Travis returns to lead country fest
Great Woods, June 21, 1998
By Jeffrey B. Remz
MANSFIELD, MA - Randy Travis, Joe Diffie, Martina McBride, Lee Roy Parnell and Jo Dee Messina all graced the stage at Great Wood's Sunday, and while they may take different approaches to country, the one common thread was the fine voices all possessed.
Travis, back with a new label and his first number one song in four years ("Out of My Bones"), is Mr. Tried and True with a clear, resonant baritone always on target.
Travis with an easy going, laid back style, was a human hit jukebox. But that did not mean he just rehashed the hits of his dozen years recording.
The highlight front and center throughout his nearly 75-minute set, was Travis' voice. He infused the songs with energy. It's the type of voice that often was not particularly flashy - neither is Travis, of course - but over the long haul, holds up quite well. In fact, it is something that builds.
Travis kept it country more than most everyone else on the bill, often relying on the fiddle of Dave Johnson and acoustic guitars to set the proper musical accompaniment.
While not exactly the gregarious over the top Garth Brooks type, Travis connected with a few funny family stories.
This evening was a welcome return for the man who put tradition back into country.
Diffie was far faster paced than Travis, but offered a strong, hour-long set.
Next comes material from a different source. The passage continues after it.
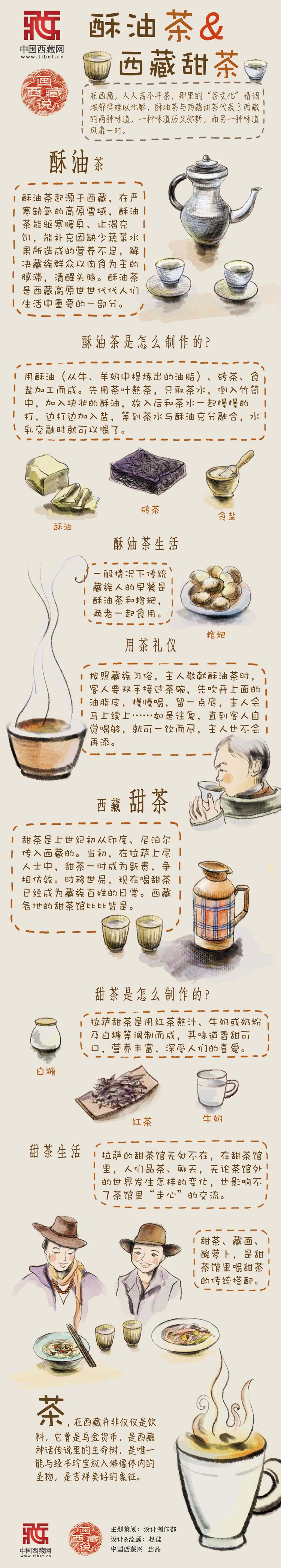 西藏人的飲料以茶為主,喝茶是藏族、門巴族、珞巴族日常生活中不可缺少的一部分。生活在西藏高原上的人一般早上都要喝茶,最喜歡喝的是酥油茶,還有奶茶和清茶。打酥油茶之前先將磚茶或[刪]熬成汁,濾出茶葉,將茶汁倒入專用陶罐內(nèi)盛放,隨用隨取。打酥油茶時(shí),先從存放茶汁的陶罐內(nèi)取出適量的茶汁,加上適量的開水和食鹽,倒人酥油茶桶內(nèi),放上酥油,上下抽動(dòng)酥油茶桶內(nèi)的攪桿幾十下,使酥油與茶水充分交融,倒出來便是香噴噴的酥油茶了。女主人把打好的酥油茶盛在陶質(zhì)酥油茶壺內(nèi),將壺坐在陶質(zhì)羊糞火爐上保溫,現(xiàn)飲現(xiàn)倒,始終是熱的。因?yàn)榇蚝玫乃钟筒枰3趾銣兀炔荒軣_,也不能讓其涼了。若再燒開,茶就變味不好喝;若放涼了,則茶里的酥油趨于凝固不好喝。羊糞火爐里的羊糞[刪]火是暗火,能使壺里的茶既不開也不涼。非常適合藏家人的這一生活需求。西藏一年到頭氣候干燥,生活在這里的人一天到晚離不開茶,一般早茶必須是酥油茶,中午以后則喝不加酥油或牛奶的清茶。

He relied on his hits (after all, he's touring on his "Greatest Hits" disc) with the current single "Texas Size Heartache" thrown in.
A very strong singer with a rich baritone, Diffie has been the king of the country novelty song in recent years. While that can grow tiresome on disc, onstage, that worked quite well with such hits as "Prop Me Up Beside the Jukebox (If I Die)" and "Pickup Man."
With strong fiddle playing from Dennis Parker, a local native, Diffie generally emphasized his country roots to very strong support from the crowd.
McBride may be moving somewhat away from country towards a pop edge as her current album, "Evolution," suggests.
But that certainly doesn't take anything away from her voice which she uses to great effect time and time again. She let it out time and again, particularly on the still haunting career song, "Independence Day."
The Kansas native followed that up with another big hit, "A Broken Wing" with a bit bluesy and jazzy delivery.
Unlike all the other performers, Parnell was quite adept musically. He plays one strong, mean slide guitar. Parnell mixes his country with a strong doses of blues.
Also unlike the others, Parnell did not rehash his songs verbatim from the albums. He took far more risks than the others.
But such playing keeps songs like "On the Road" and the closing "Heart's Desire" quite fresh.
About the only criticism of Parnell was that at 26 minutes, the set was far too short.
Local fave Jo Dee Messina opened the WKLB-sponsored show. Like McBride, an influence, she has strong vocal chords. She was probably the least country sounding act, with a rocking sound "Get On Your Feet" had a funky, Latin beat at times with Messina helping out on percussion.
She's a warm performer, who uses her abilities to good effect.
With Travis leading the way, the different faces and strong voices showed their abilities.